Diduga Melanggar Prokes Covid-19: Mungkinkah Di-Impeachment atau Mundur Sebagai Presiden?



TintaSiyasi.com-- Sebagaimana diberitakan oleh zonatimes.com tanggal 25 Februari 2021, kunjungan Presiden Jokowi ke Maumere, Kabupaten Sikka, NTT Selasa (23/2) menuai kritik publik. Pasalnya, kunjungan tersebut mengundang kerumuman warga. Dalam kunjungan tersebut, Jokowi dinilai melanggar protokol kesehatan. Maka, Kamis (25/2/), Koalisi Masyarakat Anti Ketidakadilan akan melaporkan Jokowi ke Bareskrim Polri. 

Tak urung peristiwa berkerumunnya warga Maumere NTT di tengah acara kunjungan Presiden Jokowi menuai pro kontra bahkan kegaduhan politik, hukum dan sosial. Jika dinalar secara hukum, peristiwa tersebut memang sangat mungkin memenuhi unsur-unsur pelanggaran hukum sebagai berikut: 

Pertama. Pelanggaran terhadap UU No. 6 Tahun 2018 tentang Kekarantinaan Kesehatan, khususnya Pasal 93 yang diancam dengan pidana penjara paling lama 1 tahun atau denda paling banyak 100 juta rupiah. 
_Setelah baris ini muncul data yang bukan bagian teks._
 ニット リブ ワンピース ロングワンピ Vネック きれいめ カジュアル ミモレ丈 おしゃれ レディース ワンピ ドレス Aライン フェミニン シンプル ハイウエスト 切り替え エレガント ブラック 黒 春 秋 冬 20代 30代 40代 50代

Kedua. Pelanggaran delik Penghasutan, yakni pemenuhan unsur-unsur Pasal 160 KUHP jika dimaknai bahwa tindakan juga termasuk di dalam pemahaman menghasut selain dengan tulisan dan lisan. Berdiri di mobil (sunroof), dan melambaikan tangan apalagi disertai dengan pemberian souvenir saya kira dapat dimaknai sebagai tindakan "menghasut" orang disekitarnya untuk berkerumun, melanggar ketentuan UU atau pun perintah jabatan misalnya dengan melanggar prokes. Hal ini dapat diancam dengan pidana penjara paling lama 6 tahun dan atau pidana denda paling banyak empat ribu lima ratus rupiah. 
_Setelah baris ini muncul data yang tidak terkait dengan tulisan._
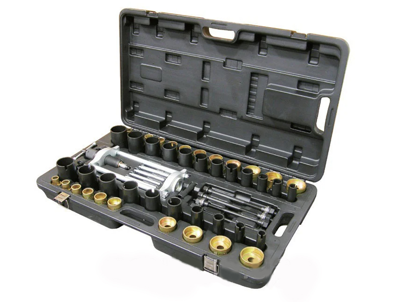 Набор оправок для установки втулок рулевой сошки и сайлентблоков с ручным приводом, позволяет разобрать и заменить поврежденные втулки. Комплект состоит из 50 предметов. 4 шпинделя специально разработаны для маленьких втулок.

Ketiga. Pelanggaran etika kehidupan berbangsa, yakni Presiden tidak memberikan contoh baik kepada rakyat dalam penegakan hukum di bidang kekarantinaan kesehatan khususnya prokes di masa pandemi covid 19, sementara Presiden dan Menkopolhukam telah menegaskan kepada semua kepala daerah, pejabat publik pusat dan daerah untuk bertindak tegas jika terjadi pelanggaran prokes. Ini adalah perbuatan tercela karena akan berdampak makin merosotnya tingkat kepercayaan rakyat kepada negara, c.q Pemerintah. 

Ketiga pelanggaran tersebut sebenarnya telah mencukupi sebagai alasan DPR untuk meminta pertanggungjawaban Presiden dengan mengajukan hak bertanya atau meminta keterangan. Jika ternyata DPR menilai bahwa dugaan pelanggaran ini layak diteruskan prosesnya, maka DPR dapat meminta MK untuk menilai dan memutuskan dugaan pelanggaran hukum yang dilakukan oleh Presiden dengan mekanisme pemakzulan atau impeachment. 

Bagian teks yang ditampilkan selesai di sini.